In lieu of signatures, the anonymous writers—which included journalists, poets, and painters—provided photographs of themselves holding up signs that named their occupations in order to shield their identities.

“Many artists, cultural workers and journalists are in the gravest danger at Taliban hands and are stranded in Afghanistan,” they wrote. “There is no future for them in a Taliban-controlled Afghanistan. Instant death will be the inevitable result of defiance and to remain is to be forced to forswear our working vocations.”

Since August, amid the withdrawal of NATO and U.S. forces from Afghanistan, Artists at Risk has been advocating for the evacuation of Afghan cultural workers, calling on international governments to assist in relocating them to safety. Ivor Stodolsky, AR’s cofounder, told the Art Newspaper that governments have slowed evacuation efforts despite many lives still being at risk. Stodolsky said that this task has “almost exclusively” fallen to the relatives of those seeking refuge, activists, and nonprofits.

In August, the U.K. government announced a scheme termed the Afghan Citizens Resettlement Scheme, which promised aid to refugees, but that program has yet to launch.
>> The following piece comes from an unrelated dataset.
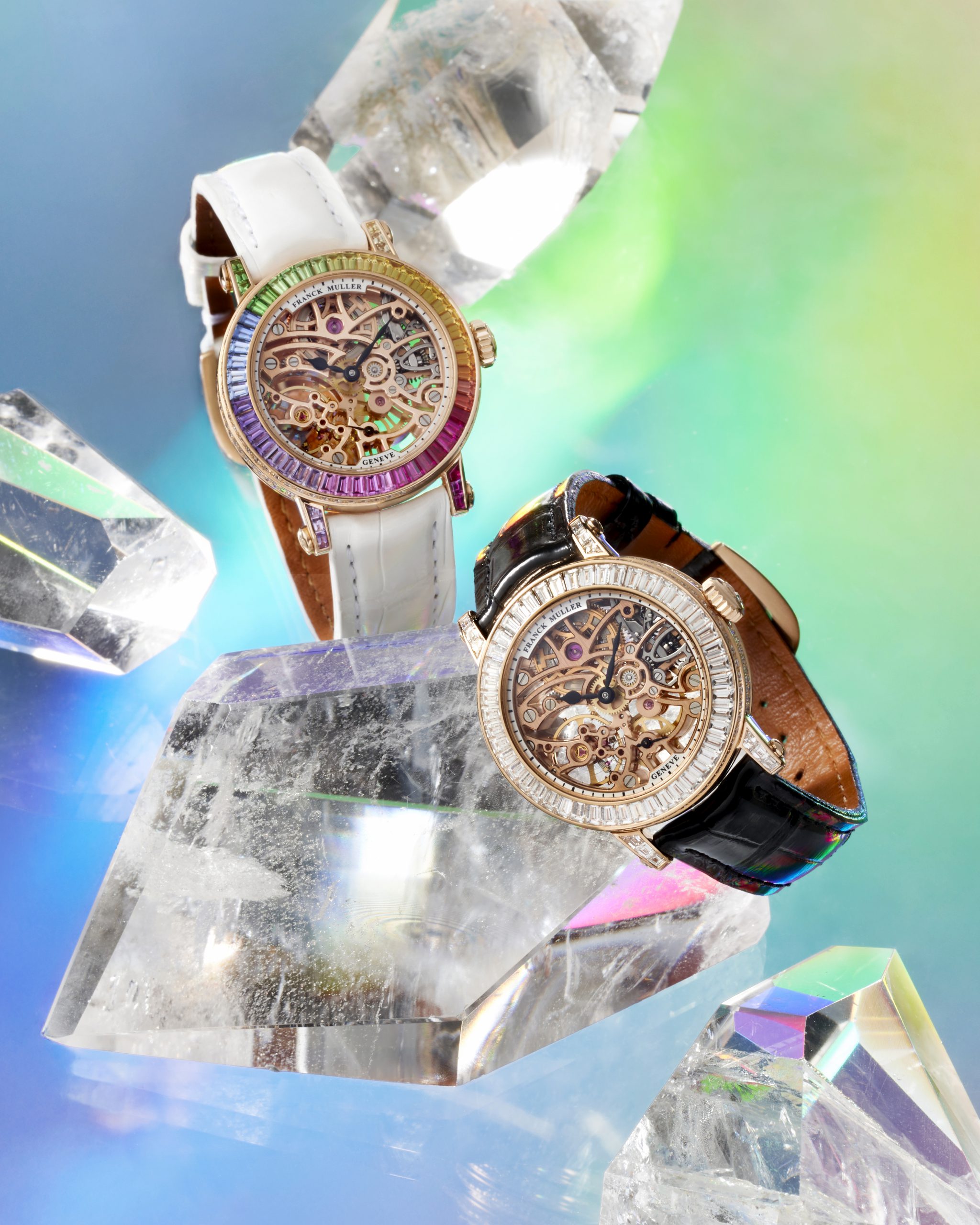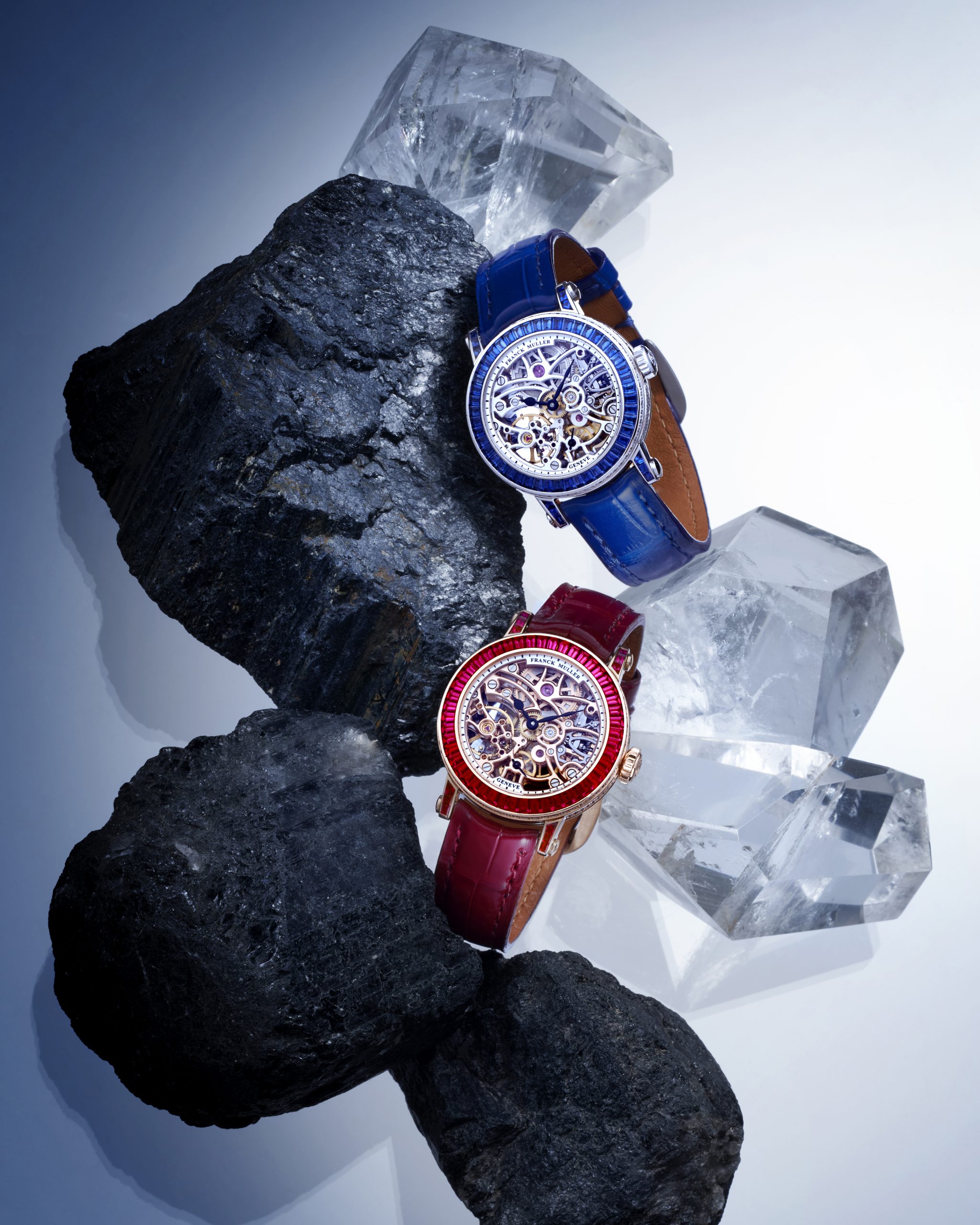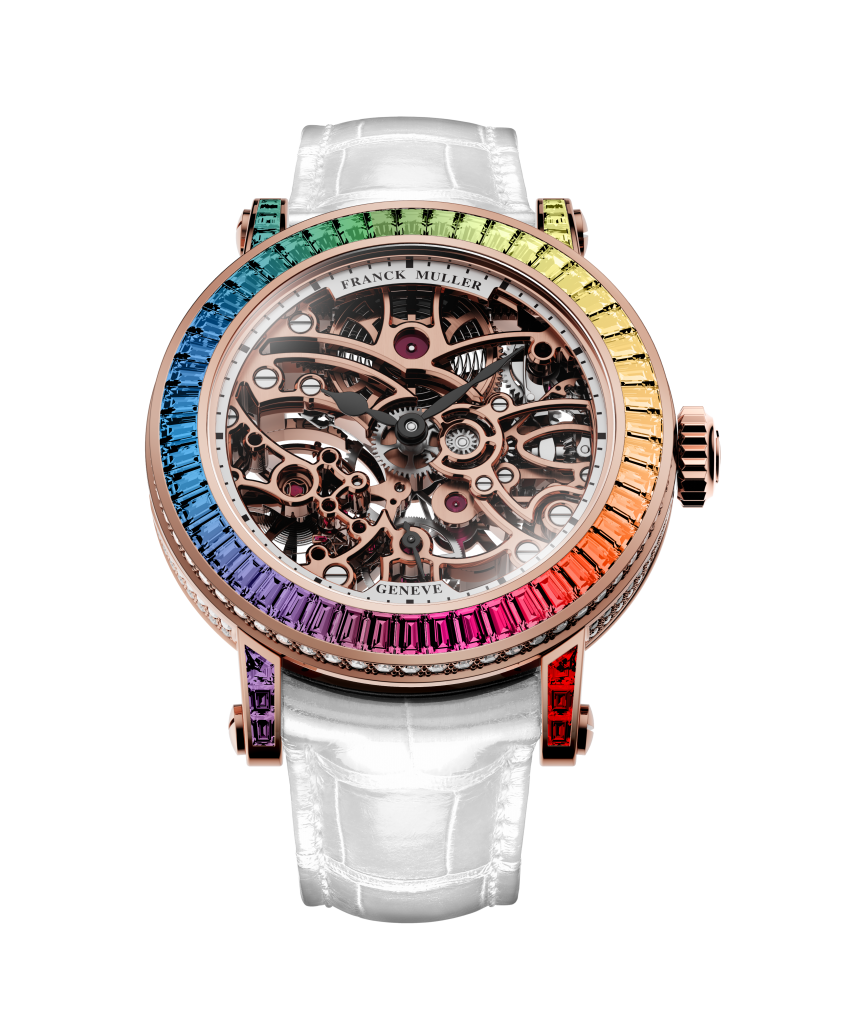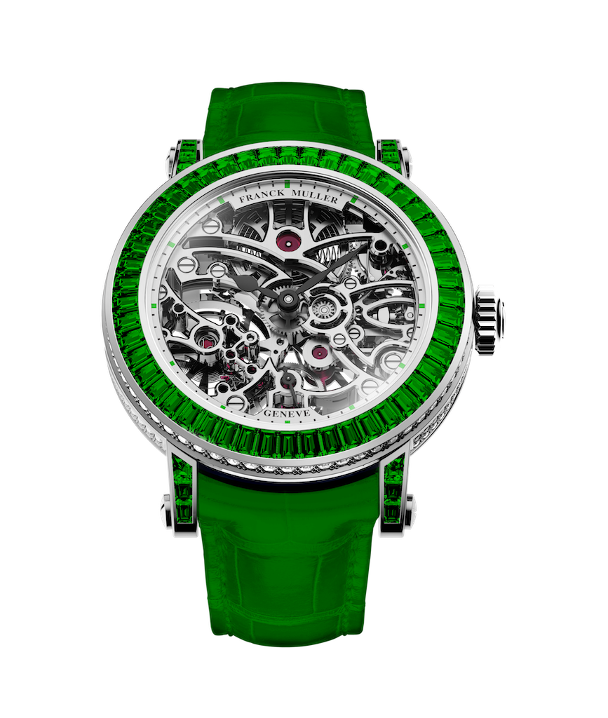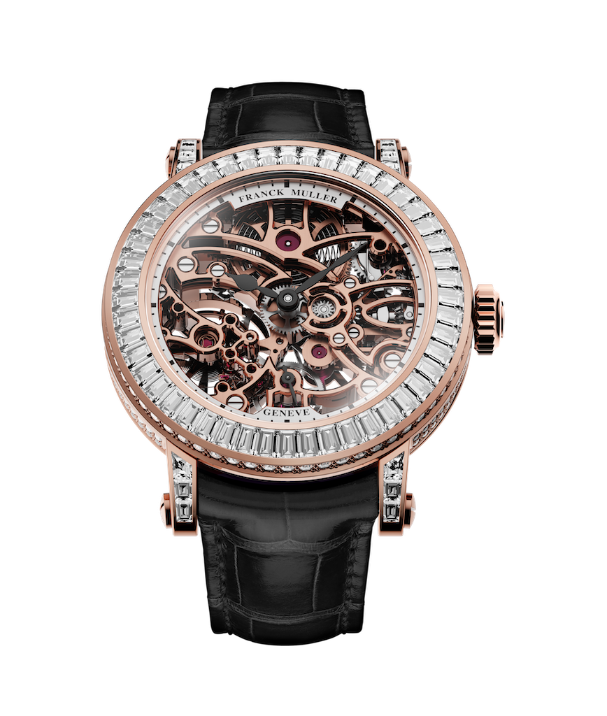 Franck Muller offers an iconic piece as its High Jewellery launch for 2024: the Round Skeleton Baguette in 31mm, an exceptional collection set with baguette diamonds or precious gems, reflecting the perfect marriage between the world of Fine Jewellery and Haute Horlogerie.

The relocation of Afghan citizens via a U.S.-backed effort has similarly been delayed, with Afghan refugees subject to a minimum 14-month waiting period in an interim country before being eligible to relocate to the U.S. Early efforts by Germany and France to undertake similar measures that gained momentum in the weeks following the Taliban takeover, have since slowed.

Meanwhile, the Taliban have targeted journalists and cultural figures who have been been vocal in their criticism of the militant group. In August, members of the extremist group shot poet and historian Abdullah Atefi in the country’s southern Uruzgan province. Other high-profile cultural leaders from Afghanistan have managed to flee to safety in Europe. CCAA Centre for Contemporary Arts Afghanistan curator Abdul Wasi Rahraw Omarzad who founded Gahnama-e-Hunar, the country’s only arts publication, fled to Turin with the aid of the Italian government.

The signatories urged foreign countries to send help quickly because of the possibility of future tragedy. Acknowledging the dire perils the country now faces, including famine and pending economic collapse, the authors continued, “A dark future awaits.”